Меня очень тянуло в те места. И, как обычно, не было попутчиков. Даже бывалые мурманчане крутили пальцем у виска, когда я им рассказывал о маршруте. Я хотел спуститься на байдарке по мощной реке Териберке, сделать перенос в речку Климковку, и по ней дойти до Баренцева моря. За пару лет до меня этот маршрут проделали двое москвичей. Правда, они шли на катамаране, поэтому смело пустились потом вдоль побережья Баренцухи до поселка Териберка. В пути их застал южный ветер, и понес от побережья. Подоспевшие рыбаки взяли катамаран на буксир, перед этим ехидно поинтересовавшись – не нуждаются ли парни в помощи. По словам москвичей, если бы не рыбаки – их легко могло бы отнести к северному полюсу, такой силы был ветер.
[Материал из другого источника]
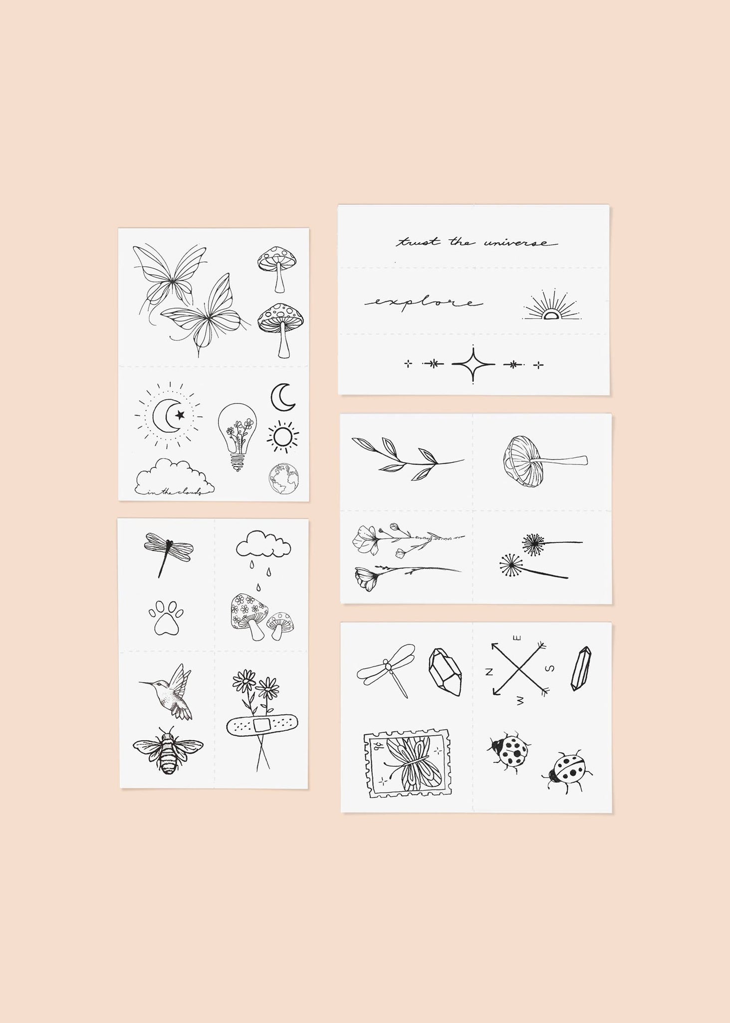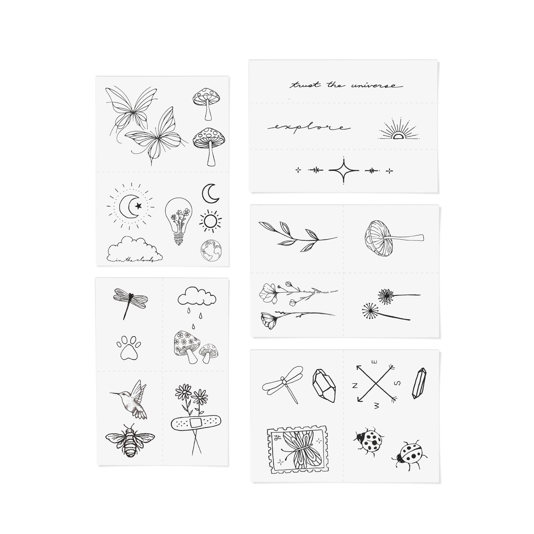 NEW! For your inner wanderer. -EASY TO APPLY WITH JUST WATER -HAND-DRAWN DESIGNS -VEGAN INK -CRUELTY-FREE INK -NON-TOXIC INK -WATERPROOF INK -SIZES RANGE FROM ½ INCH TO 2 INCHES -MADE IN THE U.S.A. -LASTS A FEW DAYS UP TO 2 WEEKS

Я на байдарке сунуться в Баренцево бы не рискнул, оставалось или надеяться на удачно проходящее мимо судно, либо тащить байдарку по берегу до Териберки, а это килиметров пятьдесят по сопкам Мурмана.

Наконец нашелся такой же безумный как я. Георгию было на тот момент пятьдесят, коренной мурманчанин, помор по происхождению, он несколько раз ходил до того в тундру и представлял себе, что это такое. Мне же многое было неясно.
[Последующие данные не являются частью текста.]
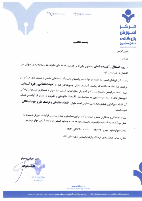 او گفت :در اين راستا مركز آموزش بازرگاني استان مازندران باهمكاري بسيج سازندگي شهرستان نكابه منظور دست يابي به سياست هاي اقتصاد مقاومتي و تغير فرآيند فرهنگ كار اقدام به برگزاري همايش انگيزشي تحليلي تحت عنوان اقتصاد مقاومتي ،فرهنگ كار و خود اشتغالي نموده است

Посчитали, собрали снарягу, продукты, сели в машину и поехали. Это был первый выезд моей Л200 на Север, после чего она получила почетное имя Митсубиши Мадер Факер Боевая Машина Морфлота. Был июнь месяц. Карелия цвела…
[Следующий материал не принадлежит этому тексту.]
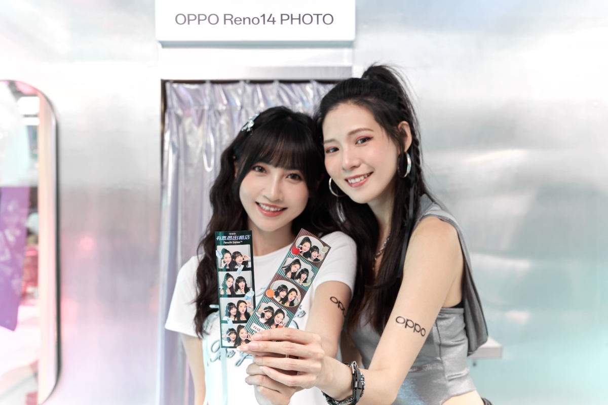 空間內打造「絢彩DVD牆」、「有意思冰菓室」、「風格拍貼機」三大區域,實際體驗以Reno14 系列最高前後5000萬高畫素四鏡頭、同價位唯一3.5倍潛望式長焦鏡頭,以及AI 閃光影像、AI 表情替換等多種有趣的影像功能,讓每一次快門都能拍出專屬風格大片,實現從日常取材、即時構圖到成片分享的創作體驗,解鎖影像創作的有意思日常!

Совсем не то Мурманск. Лил дождь, иногда он сменялся легкой поземкой. Поставили машину в гараж Георгия. Его друг на своей машине довез нас до моста через Териберку (это примерно пятьдесят километров на восток от Мурманска), еще раз покрутил пальцем у виска и уехал. Договорились, что если нам не удастся дойти до моря, мы вернемся вверх по течению Климковки, и через Верхнетериберское водохранилище выйдем к дороге. Путь предстоял неблизкий…

Еще по дороге в Мурманск Георгий рассуждал о том, что если рыба есть – она будет брать на любые приманки, не обязательно иметь дорогие. Семги в Териберке нет, ей мешает плотина электростанции. Зато кумжа, сиг и прочая северная радость в наличии. Семгу мы планировали поймать в Климковке. По пути также было несколько гольцовых озер с рычащими названиями – Эрсманаявр, Солъявр, Кольбаръявр. Мурманские друзья Георгия, пожилые рыбаки, однако, быстро убедили его в неправоте.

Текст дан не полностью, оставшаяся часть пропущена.